▶ _INSTRUCTIONS FOR THE TASK_:
Print nothing but the lines below starting at the line that holds "For string values, you" and ending at the line that holds "2、十种动物角色各具特色技能,模拟棋类对抗规则,在固定棋盘上进行策略对决。", including both, each exactly as written.

▶ _GIVEN DATA_:

--- START ---

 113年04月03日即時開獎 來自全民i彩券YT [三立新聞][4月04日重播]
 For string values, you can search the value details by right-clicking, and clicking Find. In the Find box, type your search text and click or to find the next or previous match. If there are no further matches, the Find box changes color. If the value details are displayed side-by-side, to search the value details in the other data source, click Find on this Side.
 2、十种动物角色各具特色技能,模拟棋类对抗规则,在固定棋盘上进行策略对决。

--- END ---
--- START ---

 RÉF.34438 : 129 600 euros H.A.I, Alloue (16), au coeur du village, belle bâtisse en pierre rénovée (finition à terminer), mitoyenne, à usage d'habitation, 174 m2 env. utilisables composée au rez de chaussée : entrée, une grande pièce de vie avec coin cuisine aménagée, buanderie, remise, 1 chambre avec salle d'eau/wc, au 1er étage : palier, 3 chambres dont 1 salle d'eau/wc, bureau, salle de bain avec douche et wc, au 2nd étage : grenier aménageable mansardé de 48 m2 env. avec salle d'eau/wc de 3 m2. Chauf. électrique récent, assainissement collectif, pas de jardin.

--- END ---

▶ _RESULT FOR THIS TASK_:
 For string values, you can search the value details by right-clicking, and clicking Find. In the Find box, type your search text and click or to find the next or previous match. If there are no further matches, the Find box changes color. If the value details are displayed side-by-side, to search the value details in the other data source, click Find on this Side.
 2、十种动物角色各具特色技能,模拟棋类对抗规则,在固定棋盘上进行策略对决。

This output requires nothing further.